_DATASET SECTION_
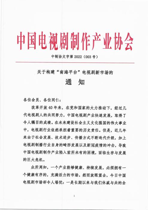 中新網北京6月23日電 記者從中國電視劇制作產業(yè)協(xié)會了解到,中制協(xié)于6月22日發(fā)布《關于構建“南海平臺”電視劇新市場的通知》。通知顯示,“南海平臺”計劃將于今年四季度以經典老劇免費試鏈運行,年底擬首輪劇獨家上鏈運營,正式推出。
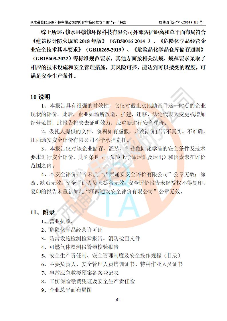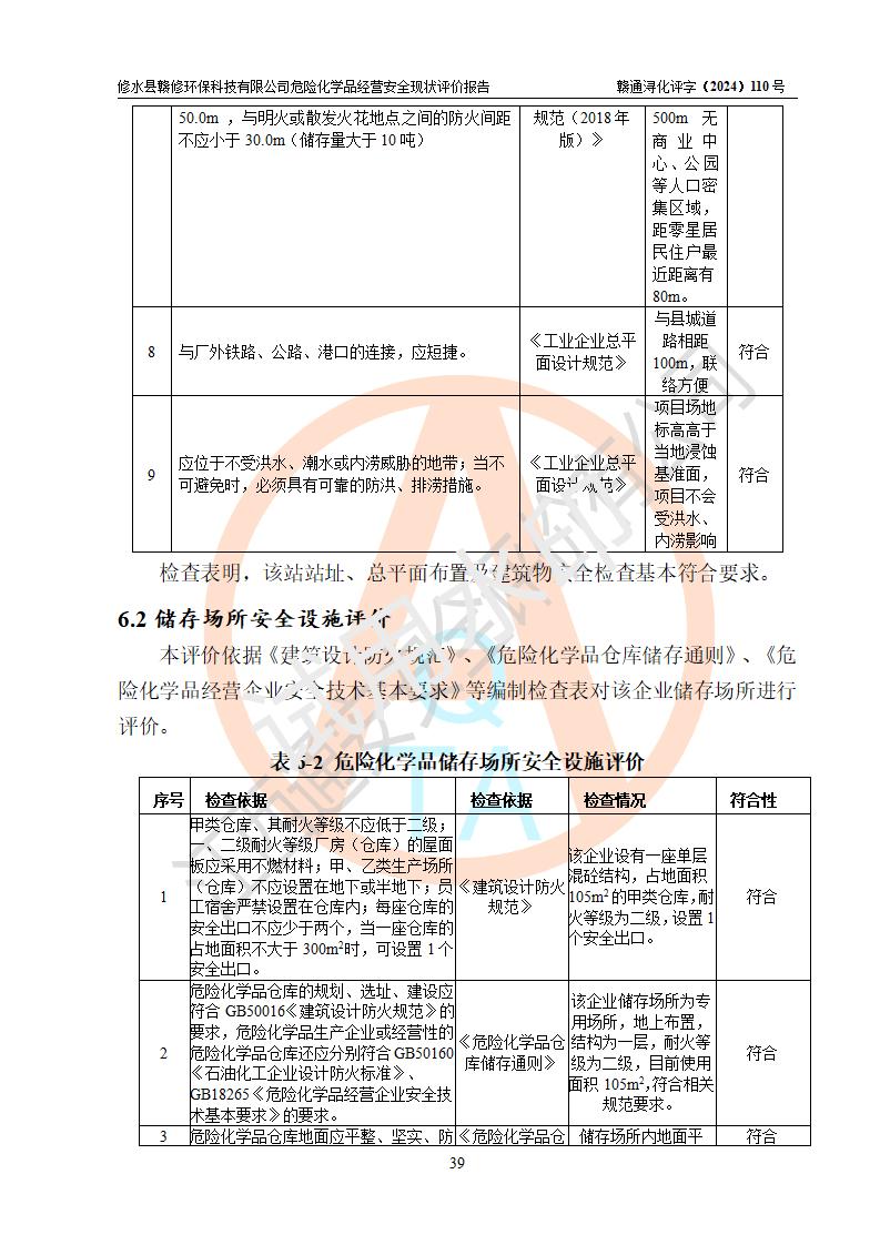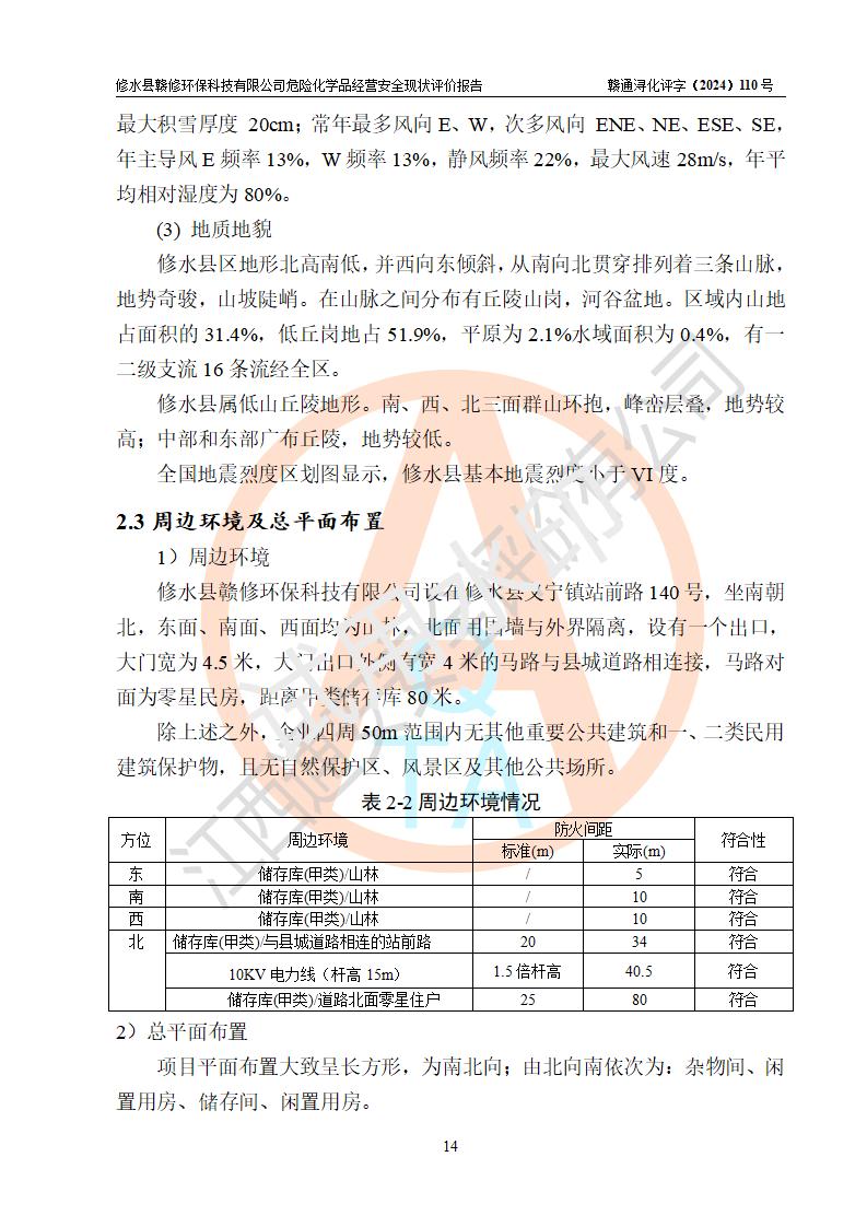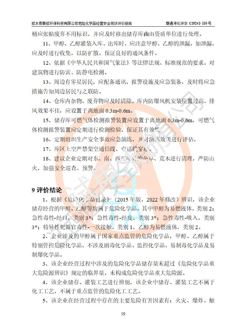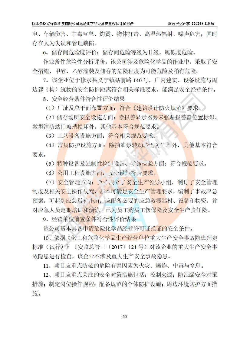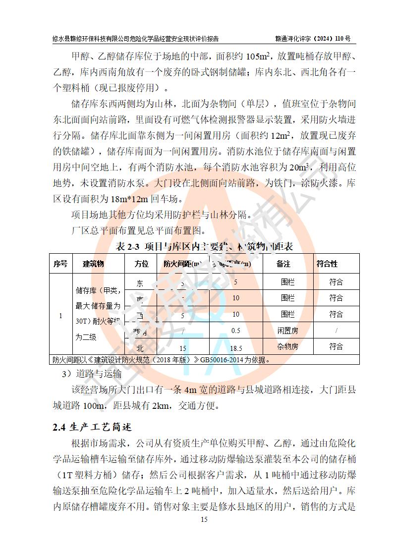 评价结论 | 修水县赣修**科技有限公司外部防护距离和总平面布局符合《建筑设计防火规范2018年版》(GB50016-2014 )、《危险化学品经营企业安全技术其本要求》(GB18265-2019)、《危险品化学品仓库储存通则》 (GB15603-2022)等标准规范要求,其他方面按相关法规、规范要求采取了相应的技术设施和安全管理措施,其风险可控,能达到可以接受的程度,可满足安全生产条件。 | ||||||
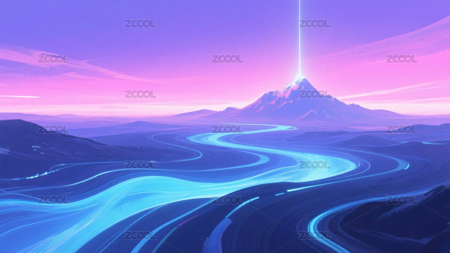 山脉,河流,霓虹光,插画,科幻,梦幻,夜景,紫色,蓝色,光效

_WHAT THIS TASK INVOLVES_
Return the full listing exactly as written, without any of its images.

_TASK RESPONSE_
 中新網北京6月23日電 記者從中國電視劇制作產業(yè)協(xié)會了解到,中制協(xié)于6月22日發(fā)布《關于構建“南海平臺”電視劇新市場的通知》。通知顯示,“南海平臺”計劃將于今年四季度以經典老劇免費試鏈運行,年底擬首輪劇獨家上鏈運營,正式推出。
 评价结论 | 修水县赣修**科技有限公司外部防护距离和总平面布局符合《建筑设计防火规范2018年版》(GB50016-2014 )、《危险化学品经营企业安全技术其本要求》(GB18265-2019)、《危险品化学品仓库储存通则》 (GB15603-2022)等标准规范要求,其他方面按相关法规、规范要求采取了相应的技术设施和安全管理措施,其风险可控,能达到可以接受的程度,可满足安全生产条件。 | ||||||
 山脉,河流,霓虹光,插画,科幻,梦幻,夜景,紫色,蓝色,光效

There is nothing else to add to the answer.